Hispanic May Be A Race On 2020 Census Despite Critics

Hispanic May Be A Race On 2020 Census
In this photo taken Sunday Sept. 18, 2011, people watch a musical performance at the Fiesta del Pueblo festival in Raleigh, N.C. According to the 2010 population census, even though the population with Mexican roots is still the largest Hispanic community in the state, people from Central America, the Caribbean and South America have seen their members largely increase in the last decade. (AP Photo/Jim R. Bounds)
In this photo taken Sunday Sept. 18, 2011, people watch a musical performance at the Fiesta del Pueblo festival in Raleigh, N.C. According to the 2010 population census, even though the population with Mexican roots is still the largest Hispanic community in the state, people from Central America, the Caribbean and South America have seen their members largely increase in the last decade. (AP Photo/Jim R. Bounds)

In the 1970s, the federal government instituted the word "Hispanic" to get a better handle on a mushrooming demographic group that was multiracial and multiethnic.

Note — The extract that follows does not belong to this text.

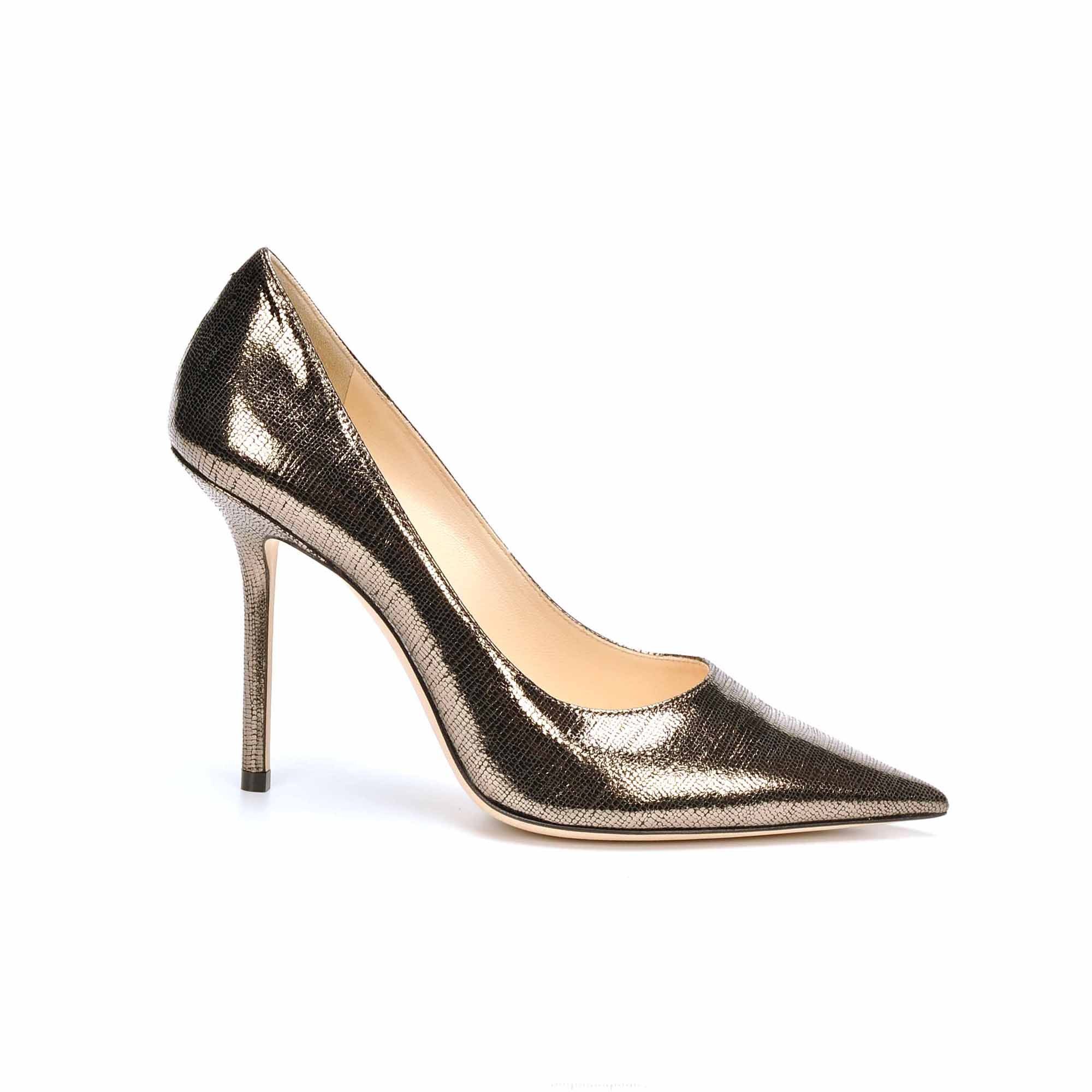 L'escarpin LOVE de chez Jimmy Choo est le nouveau modèle à bout pointu. Le cuir imprimé lézard métallisé anthracite donne du caractère et de l'elegance .Le talon est de 100mn

In spite of criticism, that label stuck.

Now the U.S. Census Bureau is proposing a potentially more controversial change: to collapse two questions on race and ethnicity into one, creating a "Hispanic race" category. Congress won't decide it until 2018, when the wording of the 2020 census is approved. But Latino advocacy groups, scholars and others are criticizing the category as inaccurate, inadequate and ludicrous.